I was getting warm now, but it wasn’t just because of the blanket. My eyes were burning, and then I started crying again. I hid my face in my hands, trying not to let David see. I felt it enough of an intrusion to knock on his window at two in the morning, but to start crying my eyes out was too much.

Apparently I wasn’t very good at hiding my tears. I felt David sit beside me, and then he put his arms around me in comfort. It felt nice. He was warm. He rubbed my back.

“Sometimes I’m afraid my aunt will never let me get her out of there,” I said through the tears.

“You turn 16 one day,” David said reassuringly. “She can’t stop you then.”

I looked at him. For the second time in my life I froze, staring in his eyes. Then I kissed him.
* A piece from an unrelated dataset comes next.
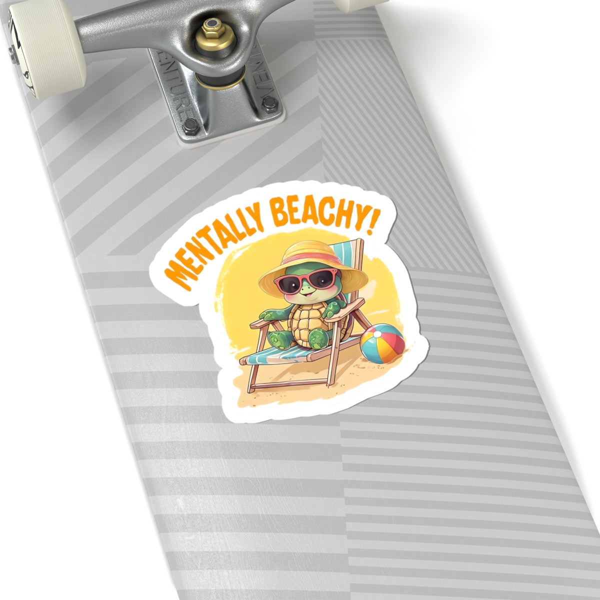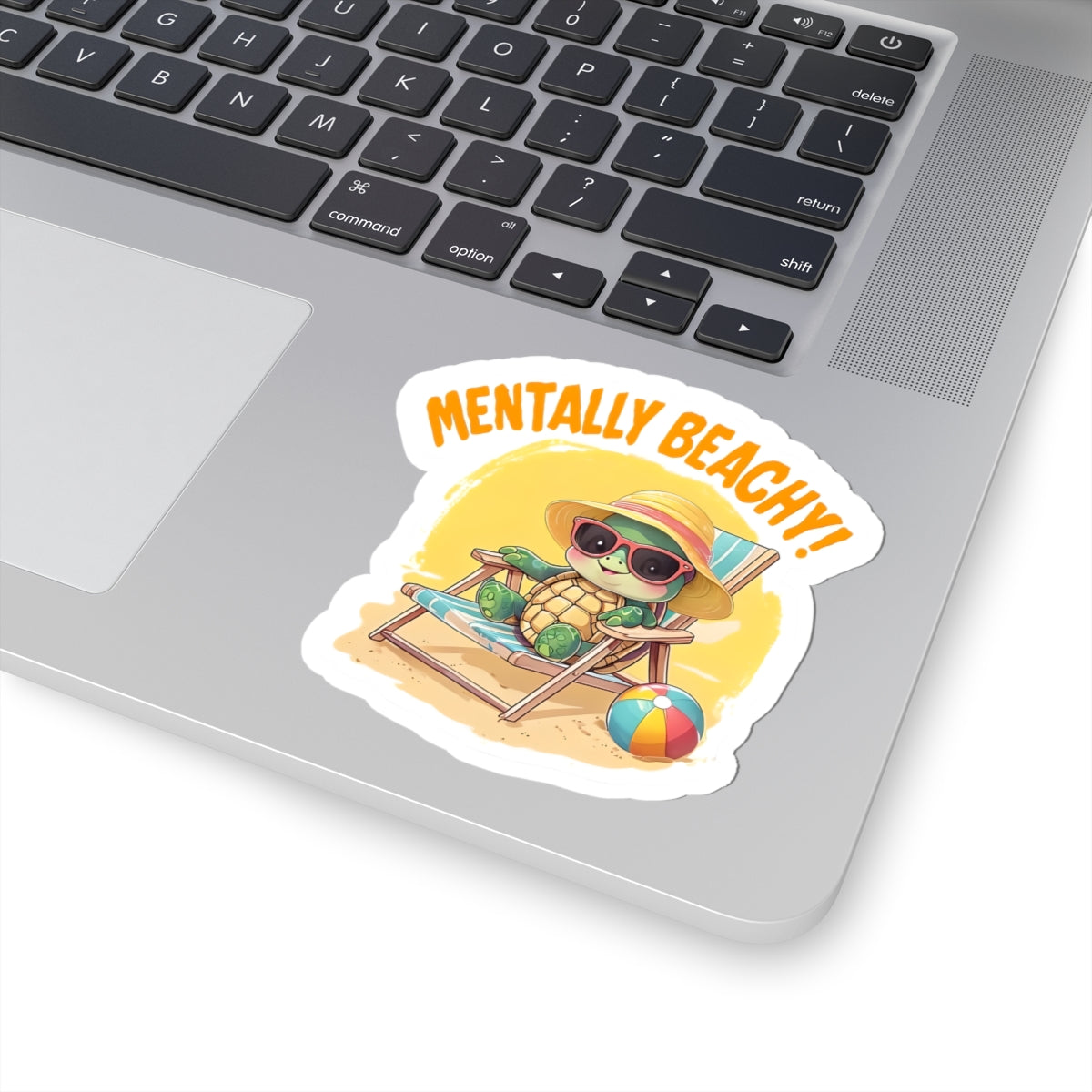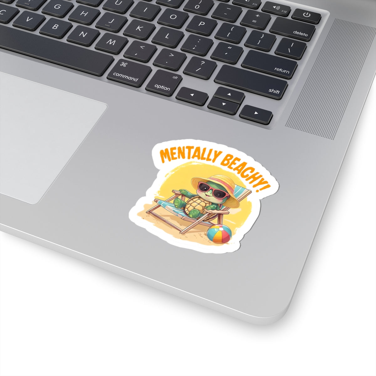 Adorable Mentally Beachy Turtle Sticker, Fun Beach Vibes, Summer Decor, Laptop Stickers, Gift for Beach Lovers, Cute Sea Turtle Art
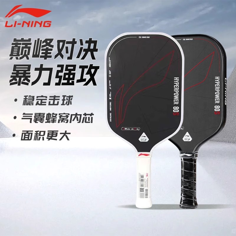 LINING李宁 匹克球拍 HYPERPOWER-80S 高回弹性碳素纤维 专业比赛进攻型匹克球板 Pickle Ball球拍稳定击球,气赛蜂窝内芯,面积更大

Three seconds passed, and then he kissed me back. He put his hand under the back of my head and kissed me warmly. Then my eyes broke and I started crying again. I bowed my head, ashamed of how I was acting.

“I’m sorry, I …”

He put his hand on my cheek for a moment.

“Shhh, don’t,” he said softly. “Lie down, come on.”

I lied down on my side. He lied down beside me, facing me. He put the covers over us and put his arms around me. He held me very tight. I felt his warm body and embrace, and I felt safe. There’s something indescribably comforting about another person’s body close to you, holding you. I let all my sorrow out, and cried myself to sleep.